Economists say today's tax changes - including a cut to the corporate tax rate that puts New Zealand below Australia - are an important step towards rebalancing the economy but will take time to deliver results for most businesses.
The Government, citing Treasury forecasts, says the impact of tax changes from last May's Budget could add 1 per cent to growth during the next "few years".
Income tax was cut and GST raised last October in the first part of the package but today's changes were aimed at encouraging savings and exports.
ASB's chief economist Nick Tuffley said cutting the corporate tax rate by 2 per cent to 28 per cent would help some struggling businesses survive and others to expand.
"The drop in the business tax should help at the margin over time and boost economic growth. Something might look viable now when it didn't in the past."
In Britain, where budget cuts have led to riots, Tuffley said the Government has cut business tax rates to help stimulate the private sector while in financially stricken Ireland the Government was clinging to low corporate rates as well.
He said changes to rules covering tax write-offs on rental property had already had some effect. Loss attributing qualifying companies had been abolished. A new structure ensures owners cannot claim a tax deduction on losses at a higher rate than they pay on profits.
While there were other factors contributing to a softer property market, including immigration falls and, for a time, higher interest rates, just the prospect of the changes had been effective.
"Anecdotally people have been more cautious about purchasing and lightening [rental property] portfolios. It's sending the right sort of signals."
The changes would help even out the perceived advantages that property had over other forms of investment.
"It's not the big bang policy. They're trying to gently tilt the economy in a direction that is deemed more desirable than where we've been and overly focused on property."
New Zealand Institute of Economic Research principal economist Shamubeel Eaqub said the corporate tax rate cut would smooth out the cashflow for businesses and made New Zealand more attractive, for the moment, compared to Australia.
He did not think it would necessarily help attract foreign business because New Zealand lacked the size and critical mass of other economies. While property tax changes were helpful and got rid of "black holes" they didn't necessarily mean the economy was going to be more efficient.
"The thing about taxes is they are meant to change behaviour over a long time," Eaqub said.
THE CHANGES AND WHAT THEY MEAN
PricewaterhouseCoopers tax partner Geoff Nightingale rates the revamp
* A reduction in company tax rate from 30 per cent to 28 per cent. Intended to promote economic growth, and keep us competitive with Australia where company tax rate is 30 per cent for now. Verdict: Will cost $1.2b over four years and is good news, should promote economic growth.

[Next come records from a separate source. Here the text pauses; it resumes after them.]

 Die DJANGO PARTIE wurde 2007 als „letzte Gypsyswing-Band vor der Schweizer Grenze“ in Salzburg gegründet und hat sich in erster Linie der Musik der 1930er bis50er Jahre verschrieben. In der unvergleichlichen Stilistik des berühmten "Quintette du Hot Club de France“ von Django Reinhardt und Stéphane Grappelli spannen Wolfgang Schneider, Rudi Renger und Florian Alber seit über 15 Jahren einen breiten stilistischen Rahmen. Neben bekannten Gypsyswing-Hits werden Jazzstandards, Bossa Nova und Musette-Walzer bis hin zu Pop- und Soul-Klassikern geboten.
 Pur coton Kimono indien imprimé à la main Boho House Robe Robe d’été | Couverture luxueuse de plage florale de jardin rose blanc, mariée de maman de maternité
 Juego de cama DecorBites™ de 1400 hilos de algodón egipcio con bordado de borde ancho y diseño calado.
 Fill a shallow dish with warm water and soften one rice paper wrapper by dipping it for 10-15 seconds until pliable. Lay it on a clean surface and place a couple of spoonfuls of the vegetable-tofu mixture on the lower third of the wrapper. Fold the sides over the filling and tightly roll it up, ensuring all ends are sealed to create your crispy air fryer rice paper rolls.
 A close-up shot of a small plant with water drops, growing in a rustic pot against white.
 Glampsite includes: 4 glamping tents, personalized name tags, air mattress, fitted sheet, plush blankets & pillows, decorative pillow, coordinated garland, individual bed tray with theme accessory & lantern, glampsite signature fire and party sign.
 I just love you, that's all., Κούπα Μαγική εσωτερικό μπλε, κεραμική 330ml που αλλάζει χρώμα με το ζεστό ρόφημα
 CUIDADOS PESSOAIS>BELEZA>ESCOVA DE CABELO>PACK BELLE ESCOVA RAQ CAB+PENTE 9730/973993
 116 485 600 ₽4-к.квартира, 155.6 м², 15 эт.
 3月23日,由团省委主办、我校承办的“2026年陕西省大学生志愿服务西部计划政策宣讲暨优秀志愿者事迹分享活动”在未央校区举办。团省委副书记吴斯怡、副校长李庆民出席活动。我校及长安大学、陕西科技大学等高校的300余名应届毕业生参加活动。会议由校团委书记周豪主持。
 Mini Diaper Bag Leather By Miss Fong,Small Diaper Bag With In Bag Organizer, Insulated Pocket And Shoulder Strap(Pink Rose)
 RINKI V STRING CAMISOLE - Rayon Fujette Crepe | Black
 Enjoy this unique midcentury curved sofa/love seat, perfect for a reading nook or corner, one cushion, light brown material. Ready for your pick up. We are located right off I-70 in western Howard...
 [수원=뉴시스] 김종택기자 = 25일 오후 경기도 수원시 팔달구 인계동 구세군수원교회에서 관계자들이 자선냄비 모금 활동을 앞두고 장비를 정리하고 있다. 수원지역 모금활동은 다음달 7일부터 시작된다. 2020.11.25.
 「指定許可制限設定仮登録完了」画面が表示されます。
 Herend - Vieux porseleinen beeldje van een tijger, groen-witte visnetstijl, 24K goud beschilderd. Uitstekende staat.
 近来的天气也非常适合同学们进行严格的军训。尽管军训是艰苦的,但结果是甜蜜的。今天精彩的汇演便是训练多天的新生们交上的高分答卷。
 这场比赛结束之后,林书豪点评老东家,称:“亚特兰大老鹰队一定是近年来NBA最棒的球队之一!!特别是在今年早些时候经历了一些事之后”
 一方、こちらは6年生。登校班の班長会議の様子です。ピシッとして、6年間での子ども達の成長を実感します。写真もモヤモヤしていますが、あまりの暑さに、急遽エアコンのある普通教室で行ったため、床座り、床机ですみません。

* Depreciation is removed from all buildings. Aimed at reducing bias towards property investment. Verdict: Raises $3.1b over four years. Should help remove general tax distortion favouring property investment, some issues around industrial buildings that do depreciate.
* Tighter tax rules for multinationals using debt to fund NZ operations. Verdict: Raises $600m over four years. Hopefully doesn't cut foreign investment.
* Removing LAQCs, (loss attributing qualifying companies), replacing them with LTCs (look through companies).Verdict: Raises $190m over four years. LAQC owners need to review position and make choices.
* Working for Families eligibility tightened by including more in the definition of income such as trust income, investment income of children, some PIE income and other income, plus removing the recognition of rental loss for WfF purposes. Verdict: Raises $32m Will make the system fairer and better targeted but also more complex.
* New GST rules for land transactions, compulsory zero-rating transactions between registered persons with a land component.